*Task details*: Retype exactly what appears below from the line containing "36958 - يَزِيدُ" down to the line containing "- Open up the", keeping both end lines. Do not include pictures.

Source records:

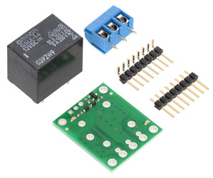 The Pololu basic relay carrier modules make it easy to control electrically isolated, single-pole, double-throw (SPDT) switches from low-voltage, low-current control signals. The modules are available in single-channel and dual-channel versions with 5 V or 12 V power relays—Omron G5LE-14-DC5 and G5LE-14-DC12 (1MB pdf), respectively—and with a variety of connector and assembly options.
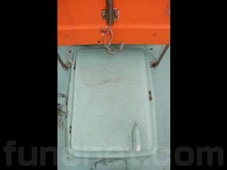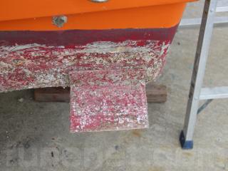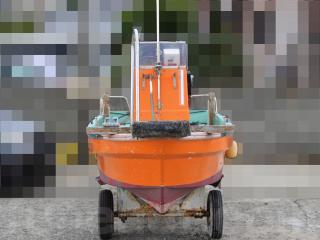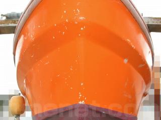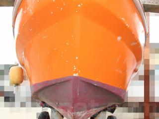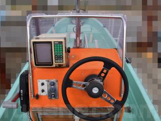 ◆昭和に進水した艇ですが、船外機は平成25年製造のスズキ4サイクル船外機を搭載し、操舵はワイヤー式のヘルムハンドル化されています。船体はオレンジに塗装されて本来の船体色は不明ですが、航行に影響があるような大きな損傷などは無いように見受けられました。また、現在は陸上に揚げて保管されていますので、取材時には船底の写真も撮影させていただきましたが、こちらも航行に影響があるような大きな損傷などは無い様に見受けられました。なお、現在も陸上保管されていますので、船底の様子も確認可能です。
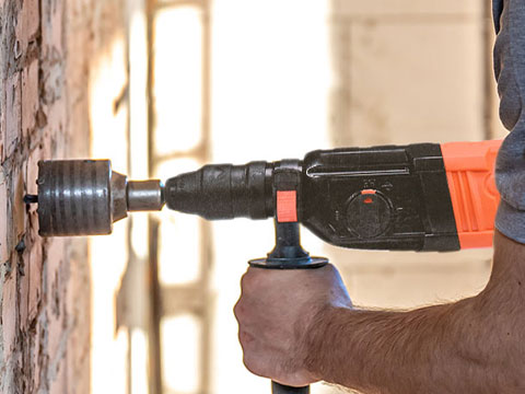 Wiertłami przebiciowymi wykonamy otwory o średnicy od 40 do 80 mm, natomiast koronami - od 40 do 155 mm.
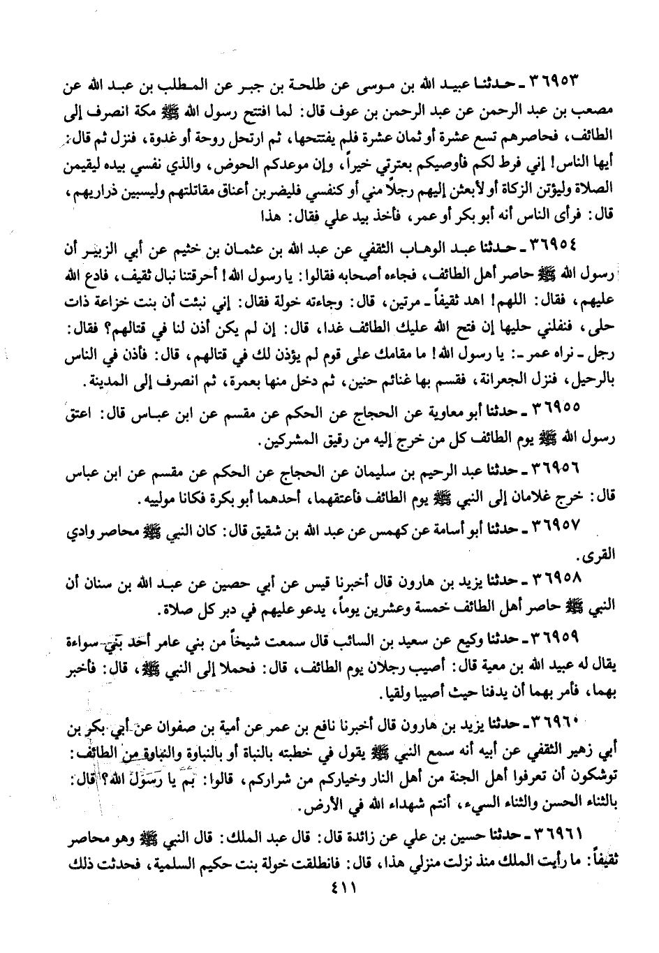 36958 - يَزِيدُ بْنُ هَارُونَ , قَالَ: أَخْبَرَنَا قَيْسٌ , عَنْ أَبِي حُصَيْنٍ , عَنْ عَبْدِ اللَّهِ بْنِ سِنَانٍ , أَنَّ النَّبِيَّ صَلَّى اللهُ عَلَيْهِ وَسَلَّمَ «§حَاصَرَ أَهْلَ الطَّائِفِ خَمْسَةً وَعِشْرِينَ يَوْمًا , يَدْعُو عَلَيْهِمْ فِي دُبُرِ كُلِّ صَلَاةٍ»
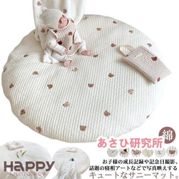 サニーマット ベビー ラグ マット 円形 ごろ寝 寝相アート 月齢フォト マット 綿 赤ちゃん お昼寝マット 刺繍 クマ 花柄 ウサギ リス オリーブ
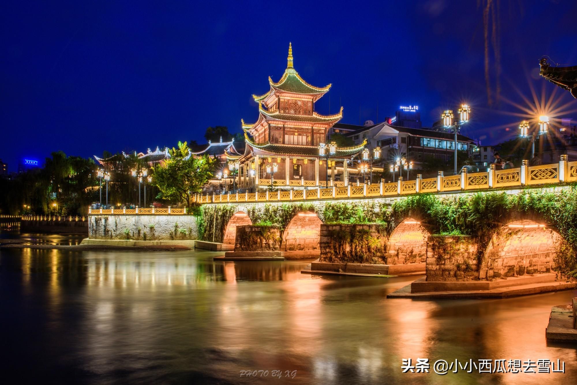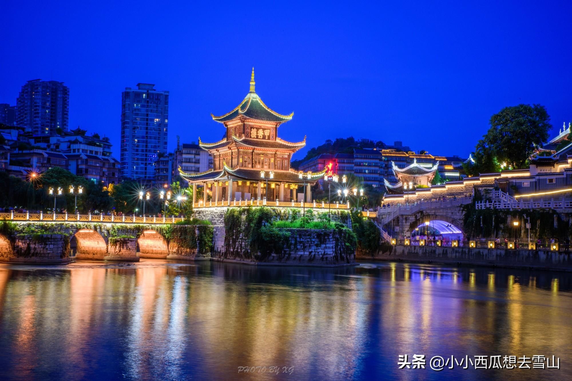 有人说白宫是贵阳的新地标,甲秀楼是贵阳老地标,但西瓜觉得这两个地标的景色完全不同,不可相比,甲秀楼是贵阳标志性的建筑之一,见证了贵阳几百年的发展,至今已有400多年的历史了。它是明朝末期建立的一个木质结构的阁楼,保存的还算是比较完好,后期也经过多次的修缮,甲秀楼就为于在贵阳的江中间,这里水很清澈,夜晚凉风习习,木阁高楼,使人心旷神怡。
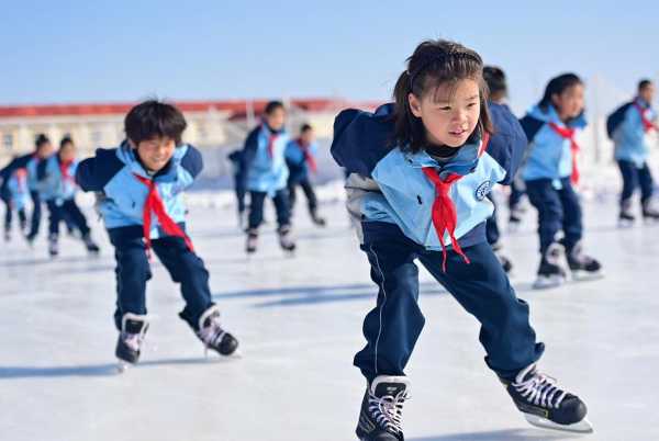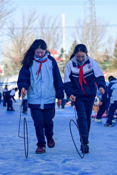 部分学校充分利用场地,积极开展校园冰雪运动。
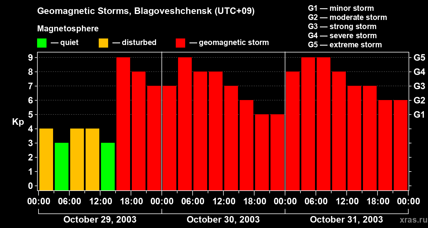 Geomagnetic storms in Blagoveshchensk — Oct 31, 2003
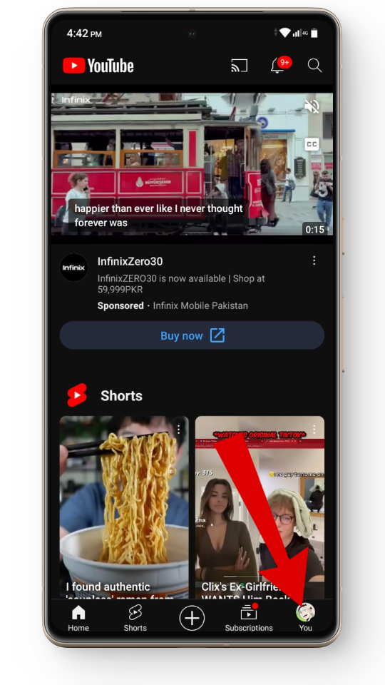 - Open up the YouTube app on your phone and tap on your profile icon located at the bottom.
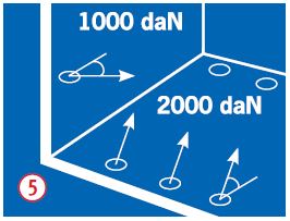 Bei µ = 0,6 sind 4 Zurrmittel und Zurrpunkte mit einer zulässigen Zugkraft (LC) von ≥ 1500 daN notwendig. Bei µ = 0,2 sind 4 Zurrmittel und Zurrpunkte mit einer zulässigen Zugkraft (LC) von 5000 daN notwendig.
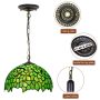 Blivuself Tiffany Style Stained Glass 12-Inch Green Chandelier European And American Retro Garden Style Suitable For Living Room, Dining Room, Bedroom, Bar And Other Indoor Home Decoration 12-Inch Green Leaves - Regular Single Chain Chandelier OFP1154
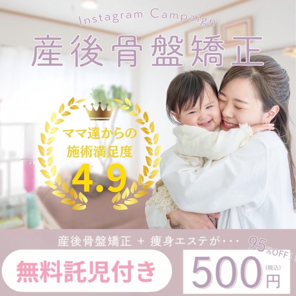 施術実績3万件、「初回に変化を感じた!」のお声を95%のママたちに頂いている産後専門整体です。
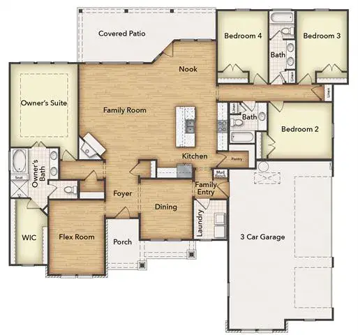 Estimated June 2026 completion! Ask us about our Trade In Trade Up program, we can buy your home! The 4-bedroom Colorado 3 presents a creative yet sensible layout of the home’s 2,483 square feet of living space. Right from the front entrance, you can see the entire main living area. This open concept enhances the spacious feeling and makes it easy to have conversations no matter where you are—perfect for entertaining! The kitchen is a definite eye-catcher in the Colorado 3. Just a few steps from the kitchen, this floor plan has just the room for those special occasions. If formal isn’t your thing, use this as a playroom or a living room. Across the foyer, the Colorado 3 also gives you a flex room to expand on the versatility. With a few small adjustments, you could convert it to a fifth bedroom. The design of the owner''s suite is one of the (many) reasons people love this floor plan. The bedroom is nestled in the back of the home under a tray ceiling that accentuates the roominess. The Colorado 3 smartly uses space in the bathroom for both a soaking tub and step-in shower, along with dual vanities and a private water closet. Then your suite is completed with an expansive walk-in closet with wooden shelves and racks ready and waiting for your wardrobe. The 3 secondary bedrooms are clustered in a suite-like space on the other side of the home’s layout. Two of them offer a walk-in closet, while the third one gives just a little bit more floor space. For a home that creates the ideal balance between togetherness and privacy, the Colorado 3 is fit to be tried! Stunning homesite located hilltop on an acre in a serene, quiet community. Beautiful interior that features natural light for that farmhouse warmth. Feel right at home in your charming, inviting home with enough room to host. This homesite boasts, a spacious yard and large covered patio to enjoy the scenery. MASONRY FIREPLACE, COVERED PATIO, FULL FOAM INSULATION, ENERGY STAR CERTIFIED BUILDER!
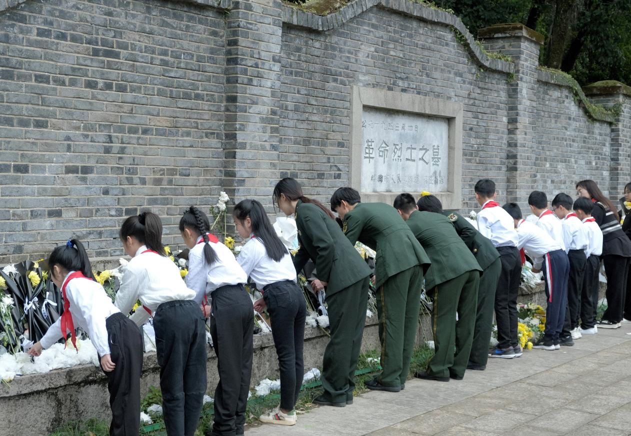 绿树环抱,青山作证,在庄严肃穆的氛围中,祭扫仪式正式开始。全体人员敬礼肃立。面向庄严的革命烈士纪念碑,全体人员默哀一分钟。学生党支部和元培小学党支部向烈士纪念碑敬献花圈,师生代表仔细整理花圈挽联。
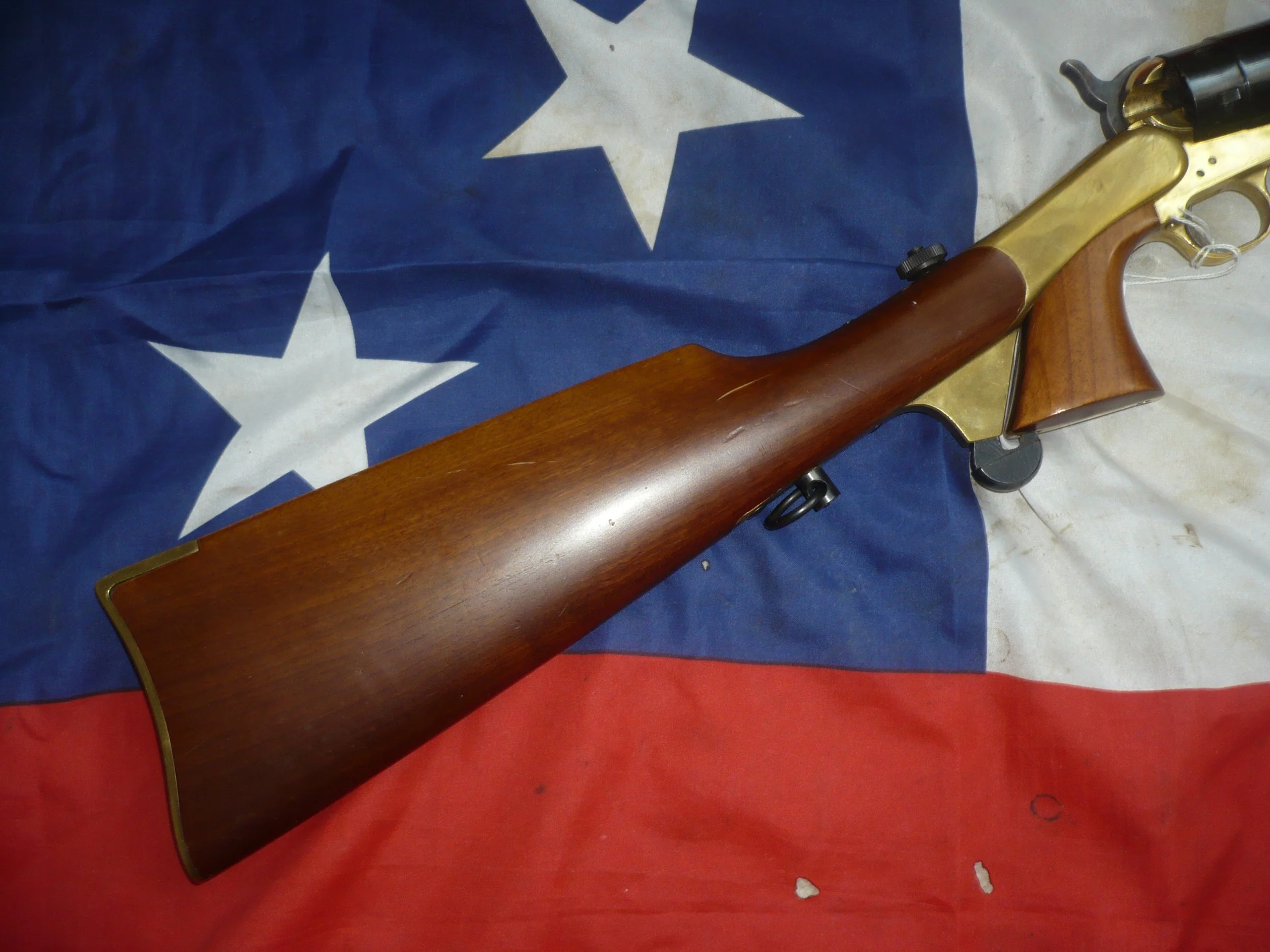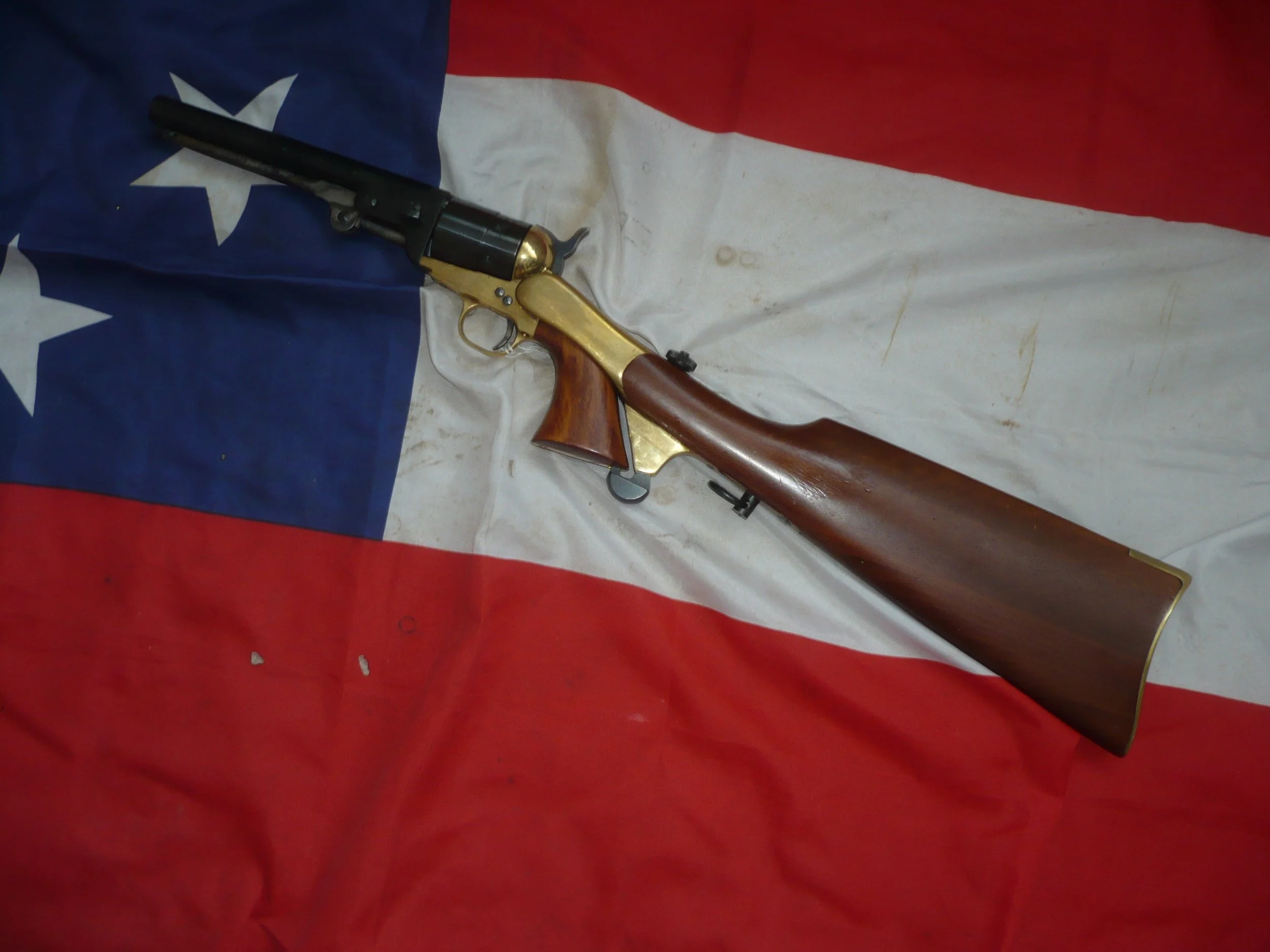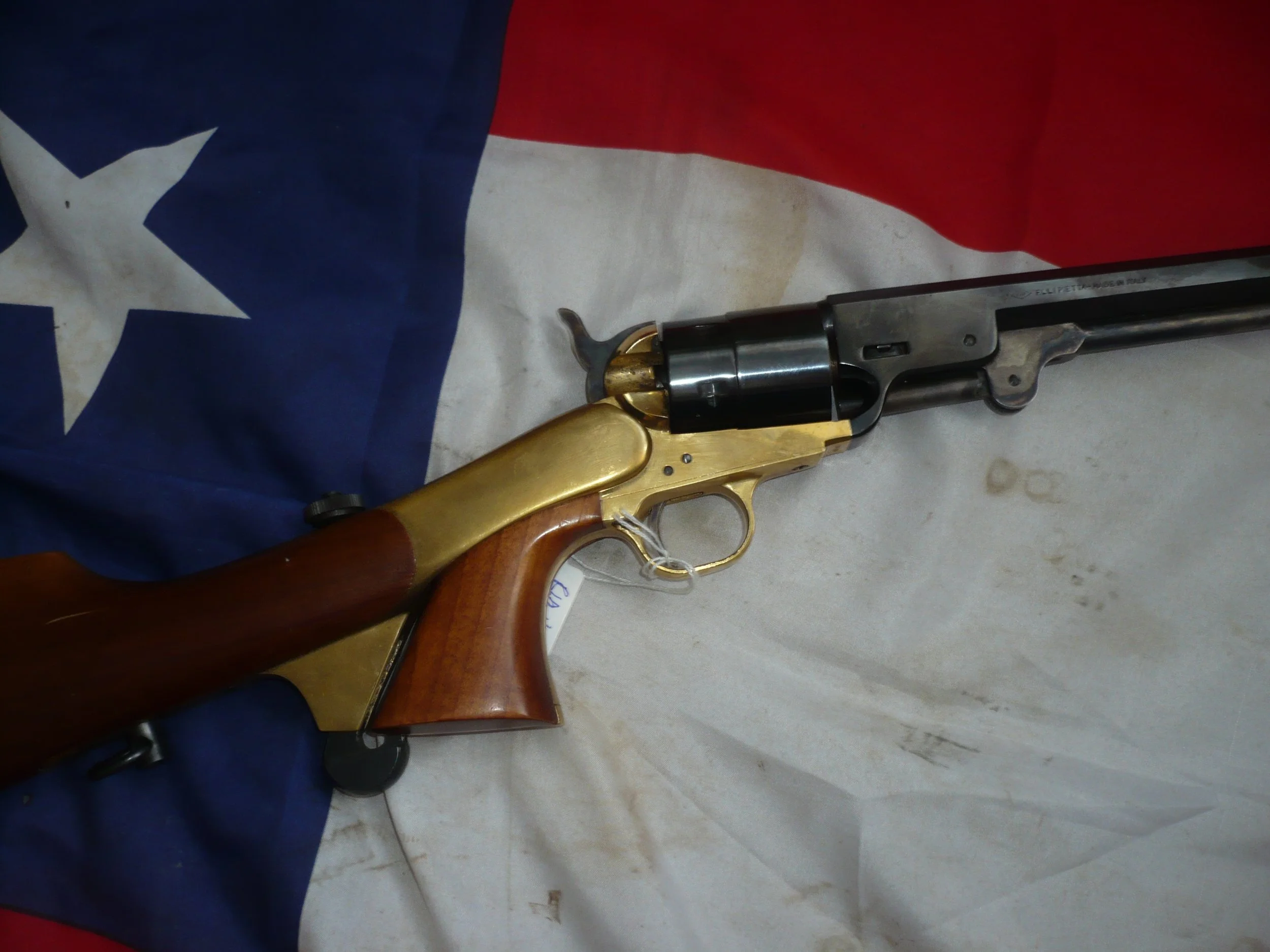 This is a very nice brass framed 9mm Pietta Colt Navy. It has a good action and trigger and is side venting under the front of the barrel. This pistol is in good condition with blueing to the barrel and cylinder. What makes this pistol really great it that is has the correctly fitting Pietta shoulder stock with the correct elongated hammer screw and cutaway in the base of the pistol grip.
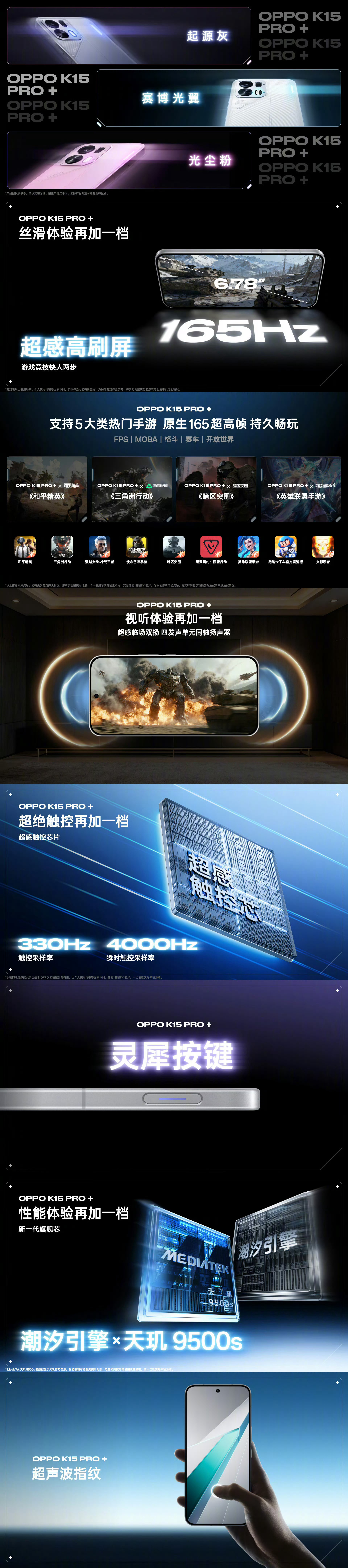 OPPO K15 Pro+:天玑 9500s 处理器,新一代疾风散热引擎,8000mAh+100W,同轴对称双扬,IP69 防尘防水,风扇 IPX9 防水,6.78 英寸 165Hz 高刷屏,3D 超声波指纹解锁,5000 万主摄、800 万超广角,1600 万前置,OPPO 山海通信、双频 GPS、三频北斗、独立网络芯片。

*Exercise response*:
 36958 - يَزِيدُ بْنُ هَارُونَ , قَالَ: أَخْبَرَنَا قَيْسٌ , عَنْ أَبِي حُصَيْنٍ , عَنْ عَبْدِ اللَّهِ بْنِ سِنَانٍ , أَنَّ النَّبِيَّ صَلَّى اللهُ عَلَيْهِ وَسَلَّمَ «§حَاصَرَ أَهْلَ الطَّائِفِ خَمْسَةً وَعِشْرِينَ يَوْمًا , يَدْعُو عَلَيْهِمْ فِي دُبُرِ كُلِّ صَلَاةٍ»
 サニーマット ベビー ラグ マット 円形 ごろ寝 寝相アート 月齢フォト マット 綿 赤ちゃん お昼寝マット 刺繍 クマ 花柄 ウサギ リス オリーブ
 有人说白宫是贵阳的新地标,甲秀楼是贵阳老地标,但西瓜觉得这两个地标的景色完全不同,不可相比,甲秀楼是贵阳标志性的建筑之一,见证了贵阳几百年的发展,至今已有400多年的历史了。它是明朝末期建立的一个木质结构的阁楼,保存的还算是比较完好,后期也经过多次的修缮,甲秀楼就为于在贵阳的江中间,这里水很清澈,夜晚凉风习习,木阁高楼,使人心旷神怡。
 部分学校充分利用场地,积极开展校园冰雪运动。
 Geomagnetic storms in Blagoveshchensk — Oct 31, 2003
 - Open up the YouTube app on your phone and tap on your profile icon located at the bottom.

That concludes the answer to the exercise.